* **Exercise**
Transcribe exactly the lines that begin the material and continue through the line containing "2. Una vez congelados, el". Leave out whatever follows.

* **Recorded data**

- Opening Delimiter -

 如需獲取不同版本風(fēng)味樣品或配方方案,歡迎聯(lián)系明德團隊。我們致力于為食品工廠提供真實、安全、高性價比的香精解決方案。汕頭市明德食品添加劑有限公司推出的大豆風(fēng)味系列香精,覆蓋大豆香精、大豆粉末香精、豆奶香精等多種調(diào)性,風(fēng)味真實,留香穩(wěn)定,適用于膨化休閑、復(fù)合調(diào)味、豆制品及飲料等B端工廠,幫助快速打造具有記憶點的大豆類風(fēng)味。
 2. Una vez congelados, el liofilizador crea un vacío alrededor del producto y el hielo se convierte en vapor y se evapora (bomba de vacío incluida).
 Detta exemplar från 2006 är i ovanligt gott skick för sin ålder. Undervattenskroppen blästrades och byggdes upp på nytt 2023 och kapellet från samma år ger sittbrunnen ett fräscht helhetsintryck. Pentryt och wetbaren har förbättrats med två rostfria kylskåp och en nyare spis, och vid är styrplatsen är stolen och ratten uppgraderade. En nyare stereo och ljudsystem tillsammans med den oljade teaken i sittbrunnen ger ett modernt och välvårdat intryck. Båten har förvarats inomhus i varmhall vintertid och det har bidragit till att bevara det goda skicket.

- Closing Delimiter -

* **Result of the exercise**
 如需獲取不同版本風(fēng)味樣品或配方方案,歡迎聯(lián)系明德團隊。我們致力于為食品工廠提供真實、安全、高性價比的香精解決方案。汕頭市明德食品添加劑有限公司推出的大豆風(fēng)味系列香精,覆蓋大豆香精、大豆粉末香精、豆奶香精等多種調(diào)性,風(fēng)味真實,留香穩(wěn)定,適用于膨化休閑、復(fù)合調(diào)味、豆制品及飲料等B端工廠,幫助快速打造具有記憶點的大豆類風(fēng)味。
 2. Una vez congelados, el liofilizador crea un vacío alrededor del producto y el hielo se convierte en vapor y se evapora (bomba de vacío incluida).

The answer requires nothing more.